Stop after the line that contains "The Bouton d'or®". Until then, retype each line of the entries exactly from the first one, skipping pictures.
▽
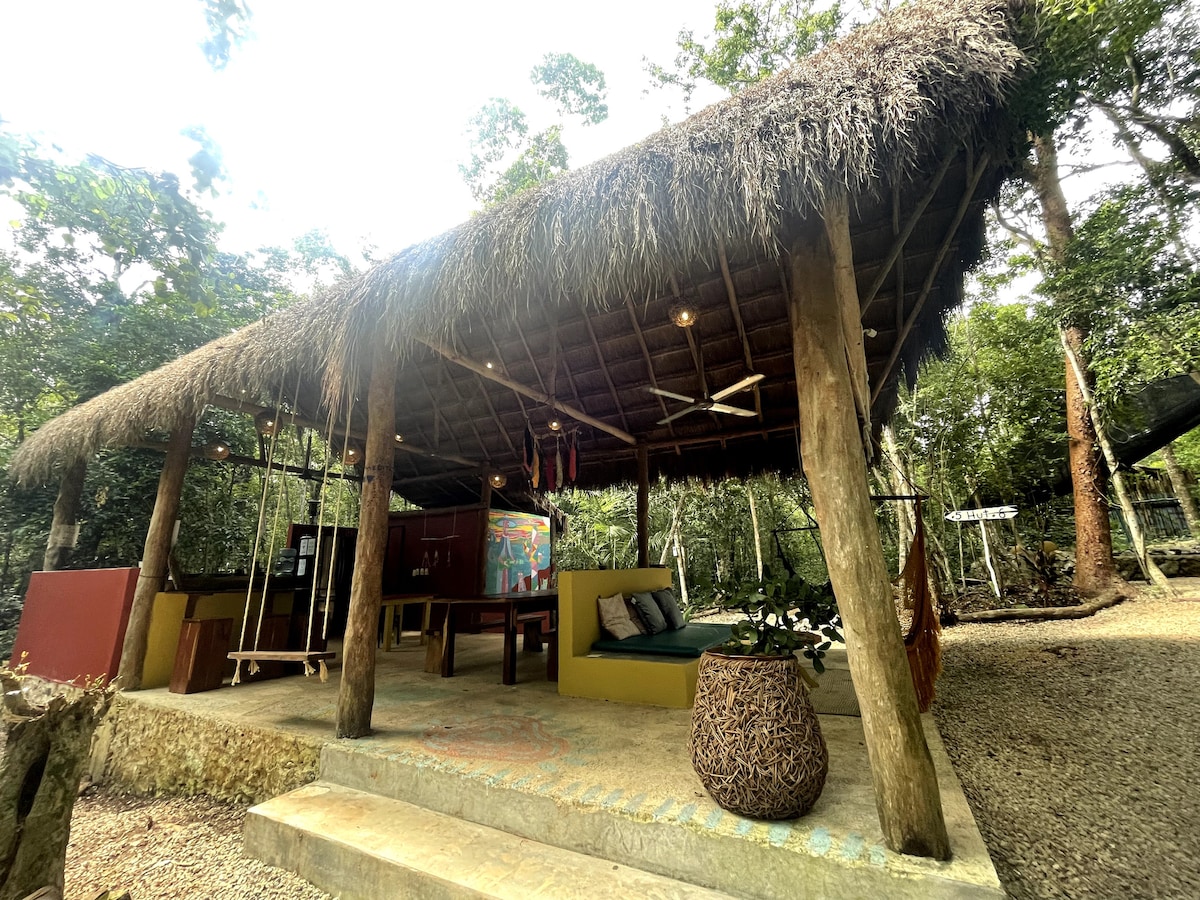 Gorgeous rustic cabin right in the middle of the jungle, steps away from the beach - in the heart of Tulum's famous strip. Experience the beauty and calmness of the nature in this comfortable and spacious 360° cabin.
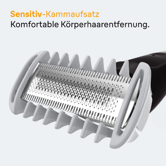 Die vier Gesichtskämme in 1, 2, 3 und 5 mm lassen sich leicht aufsetzen. Der extra Body-Kamm für empfindliche Bereiche fühlt sich weicher an – ideal für Achseln oder die Bikinizone. Angenehm ist, dass Braun nicht überall die gleiche harte Klinge einsetzt, denn Rasieren und Trimmen ist an jeder Körperstelle nun mal anders.
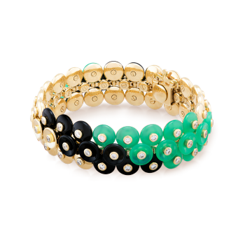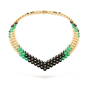 The Bouton d'or® collection is inspired by the curved lines of the paillette motif, a jewelry design created by Van Cleef & Arpels in the late 1930s. Reinterpreted today, it lends itself to plays of association and color to create feminine necklaces, rings, bracelets and earrings.
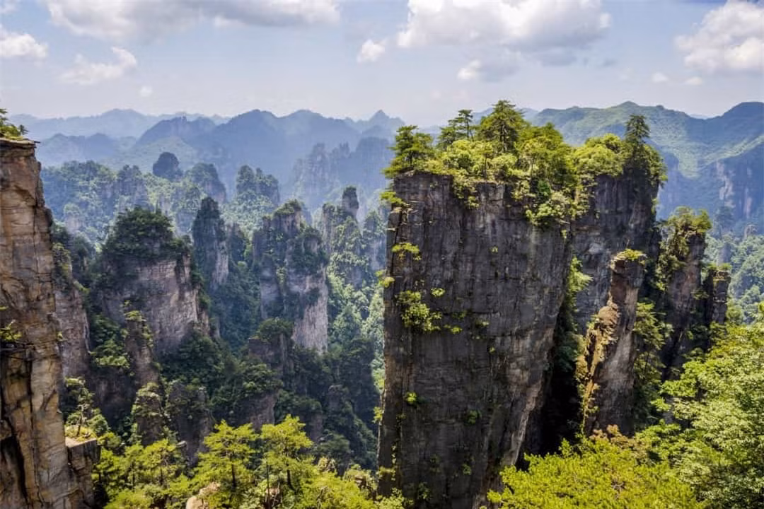 Công viên rừng quốc gia Trương Gia Giới: "Kho báu" đáng kinh ngạc này nằm ở phía bắc tỉnh Hồ Nam. Công viên thu hút khách du lịch với những đỉnh núi và những cột đá khổng lồ và những thung lũng sâu. Hàng nghìn thành tạo sa thạch tự nhiên chiếm ưu thế trong cảnh quan của công viên này, một số trong số chúng đạt đến độ cao 200 m. Nơi đây là nguồn cảm hứng cho những ngọn núi nổi trong bộ phim “Avatar”.
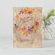 Rustic Grunge Orange Floral Fall Wreath Happy Thanksgiving Holiday Card.
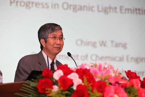 2011年沃尔夫化学奖获得者,美国工程院院士,美国罗彻斯特大学邓青云教授(OLED 发明人)做报告
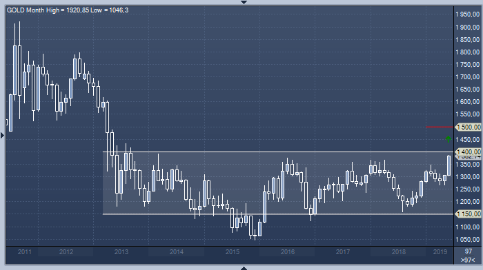 Котировки золота вновь вплотную приблизились в вершине шестилетнего коридора около $1400, и теперь техническая картина вкупе с заметным смягчением позиции ФРС создают предпосылки для дальнейшего роста драгметалла.
△
- **EXERCISE OUTPUT**:
 Gorgeous rustic cabin right in the middle of the jungle, steps away from the beach - in the heart of Tulum's famous strip. Experience the beauty and calmness of the nature in this comfortable and spacious 360° cabin.
 Die vier Gesichtskämme in 1, 2, 3 und 5 mm lassen sich leicht aufsetzen. Der extra Body-Kamm für empfindliche Bereiche fühlt sich weicher an – ideal für Achseln oder die Bikinizone. Angenehm ist, dass Braun nicht überall die gleiche harte Klinge einsetzt, denn Rasieren und Trimmen ist an jeder Körperstelle nun mal anders.
 The Bouton d'or® collection is inspired by the curved lines of the paillette motif, a jewelry design created by Van Cleef & Arpels in the late 1930s. Reinterpreted today, it lends itself to plays of association and color to create feminine necklaces, rings, bracelets and earrings.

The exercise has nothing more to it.